» **TASK DIRECTIONS**
Which lines run from the line with "3月15日13:00点整,在" through the line with "The last section" in the entries below? Print them exactly, both ends included, and nothing more.

» **RECORDS SUPPLIED**

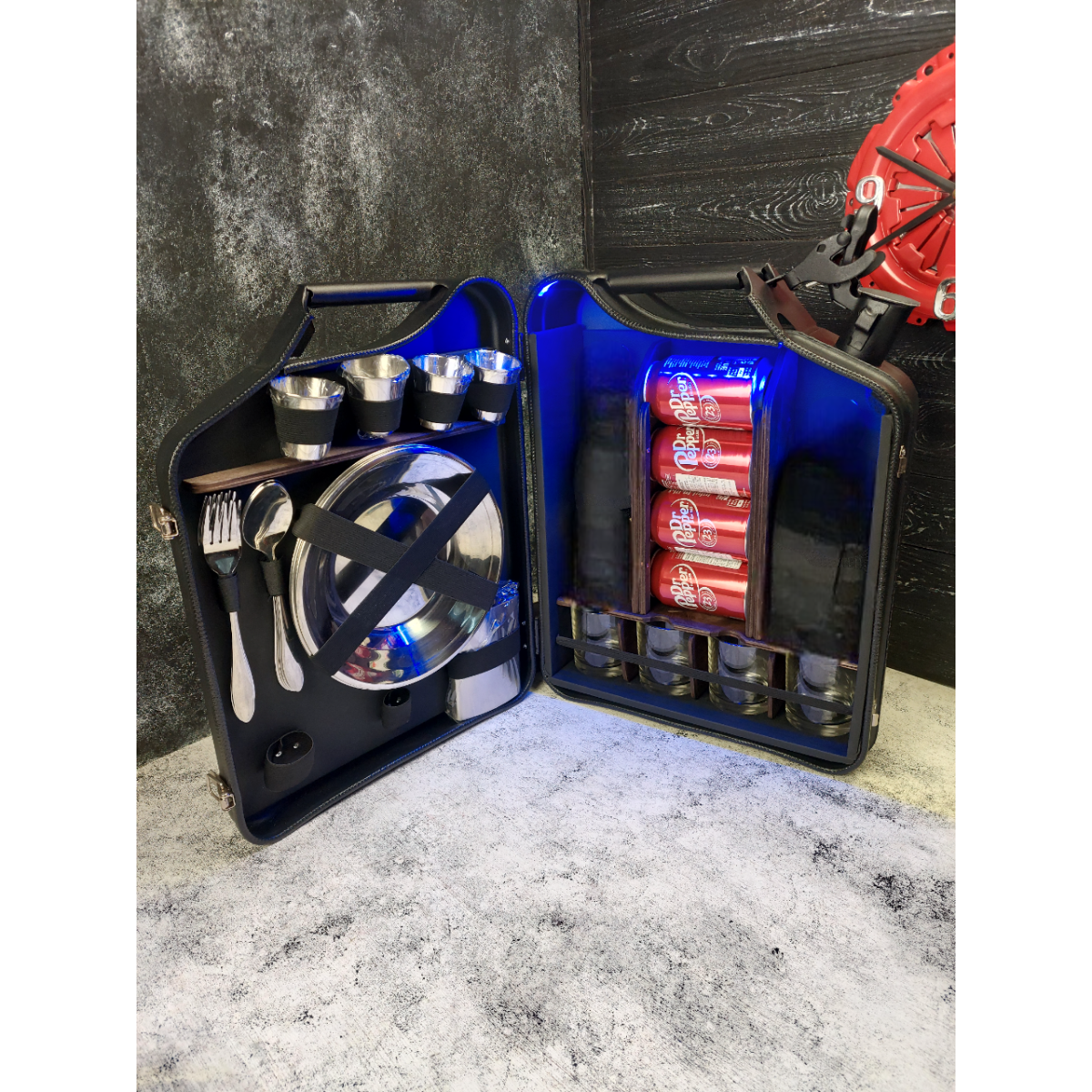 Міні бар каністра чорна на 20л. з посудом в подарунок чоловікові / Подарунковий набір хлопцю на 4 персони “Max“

--

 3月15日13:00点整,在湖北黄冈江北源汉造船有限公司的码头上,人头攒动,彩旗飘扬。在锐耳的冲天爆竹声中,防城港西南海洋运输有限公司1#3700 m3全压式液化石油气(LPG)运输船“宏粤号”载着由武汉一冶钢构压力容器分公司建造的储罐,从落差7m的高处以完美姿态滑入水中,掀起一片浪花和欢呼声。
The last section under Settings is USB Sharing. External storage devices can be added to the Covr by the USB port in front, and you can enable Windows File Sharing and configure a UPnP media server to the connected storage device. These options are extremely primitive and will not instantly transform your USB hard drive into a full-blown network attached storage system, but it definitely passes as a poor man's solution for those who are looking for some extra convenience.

...

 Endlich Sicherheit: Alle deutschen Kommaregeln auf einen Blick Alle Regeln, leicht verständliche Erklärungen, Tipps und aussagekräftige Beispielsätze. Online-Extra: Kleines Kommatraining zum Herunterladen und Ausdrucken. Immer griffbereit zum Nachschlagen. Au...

» **SOLUTION BELOW**
 3月15日13:00点整,在湖北黄冈江北源汉造船有限公司的码头上,人头攒动,彩旗飘扬。在锐耳的冲天爆竹声中,防城港西南海洋运输有限公司1#3700 m3全压式液化石油气(LPG)运输船“宏粤号”载着由武汉一冶钢构压力容器分公司建造的储罐,从落差7m的高处以完美姿态滑入水中,掀起一片浪花和欢呼声。
The last section under Settings is USB Sharing. External storage devices can be added to the Covr by the USB port in front, and you can enable Windows File Sharing and configure a UPnP media server to the connected storage device. These options are extremely primitive and will not instantly transform your USB hard drive into a full-blown network attached storage system, but it definitely passes as a poor man's solution for those who are looking for some extra convenience.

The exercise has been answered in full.